Are you using symbolic calculations, and specifically, are you using symbolic definite integrals? Richard

RichardJ
19-Tanzanite
(To:ptc-2979242)

Then all you can do is try to manage the memory better, which means understanding how Mathcad stores data and intermediate results. First, Mathcad is based on .NET, so when it needs a chunk of memory to store a matrix, that memory needs to be contiguous. So if you have big matrices, try and assign them earlier in the worksheet rather than later. Second, if you assign a matrix, say M, in a Mathcad worksheet, then do some calculations with it, and then reassign the matrix M lower down the worksheet, the two copies of M are different. The second assignment does NOT overwrite the first, because the first assignment is still needed by Mathcad for the calculations higher up the worksheet. Every time the contents of a worksheet variable are "changed", whether by assignment or calculation, a new copy of that variable is created (so they are not actually variables at all, they are constants, and their contents do not change). While this is true of variables at the worksheet level, it is not true of local variables in programs. The memory associated with a local variable in a program is freed as soon as the program exits. So try to keep the number of places where large arrays are created (either by assignment or calculation) at the worksheet level to a minimum. Put all the intermediate calculations you can in a program. Also try to minimize the number of steps in calculations at the worksheet level. A=B*C followed by D=A+E takes more memory than D=B*C+E. Richard

"Richard Jackson" wrote:

Then all you can do is try to manage the memory better, which means understanding how Mathcad stores data and intermediate results. First, Mathcad is based on .NET, so when it needs a chunk of memory to store a matrix, that memory needs to be contiguous. So if you have big matrices, try and assign them earlier in the worksheet rather than later. Second, if you assign a matrix, say M, in a Mathcad worksheet, then do some calculations with it, and then reassign the matrix M lower down the worksheet, the two copies of M are different. The second assignment does NOT overwrite the first, because the first assignment is still needed by Mathcad for the calculations higher up the worksheet. Every time the contents of a worksheet variable are "changed", whether by assignment or calculation, a new copy of that variable is created (so they are not actually variables at all, they are constants, and their contents do not change).
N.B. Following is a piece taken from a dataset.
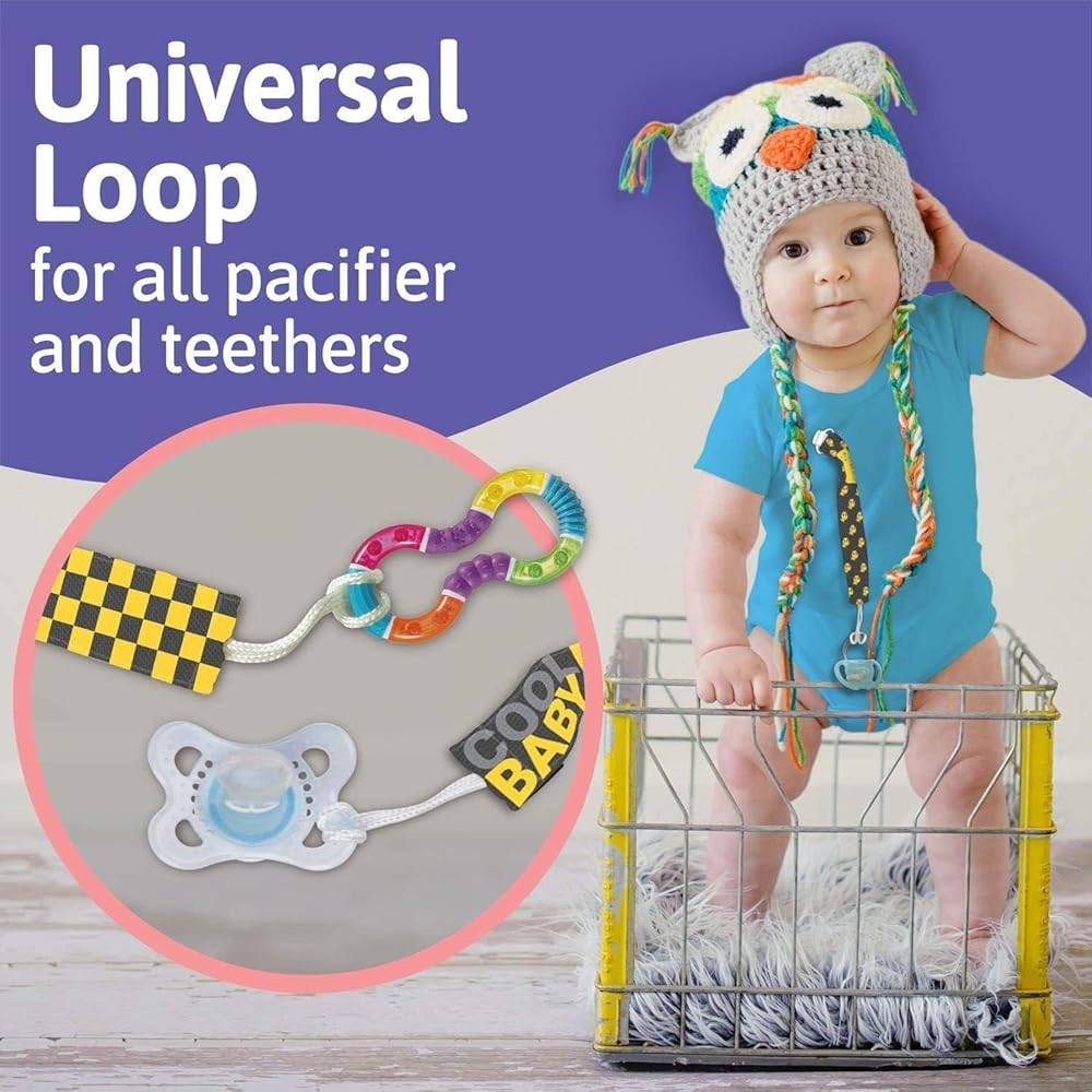 حامل لهاية أنيق للجنسين: مشبك مصاصة بوتسكا يناسب جميع أنواع المهدئات واللهايات ولهايات الأطفال. يمكن ربطها بحلقات التسنين وبطانيات الأطفال والمرايل حتى تظل مستلزمات طفلك آمنة.

While this is true of variables at the worksheet level, it is not true of local variables in programs. The memory associated with a local variable in a program is freed as soon as the program exits. So try to keep the number of places where large arrays are created (either by assignment or calculation) at the worksheet level to a minimum. Put all the intermediate calculations you can in a program. Also try to minimize the number of steps in calculations at the worksheet level. A=B*C followed by D=A+E takes more memory than D=B*C+E. Richard

RichardJ
19-Tanzanite
(To:ptc-2979242)

"andrea tasselli" wrote:

All these things I normally do although sometime (and this time) the end product of the calcs are the matrices themselves so there is no avoiding that. This, however, does not explain why the program won't let you gracefully exit

PTC technican told me that MathCAD 14 M020 has a serious memory leak problem. It is also limited to 1 GB or maybe 2 GB in memory for computation.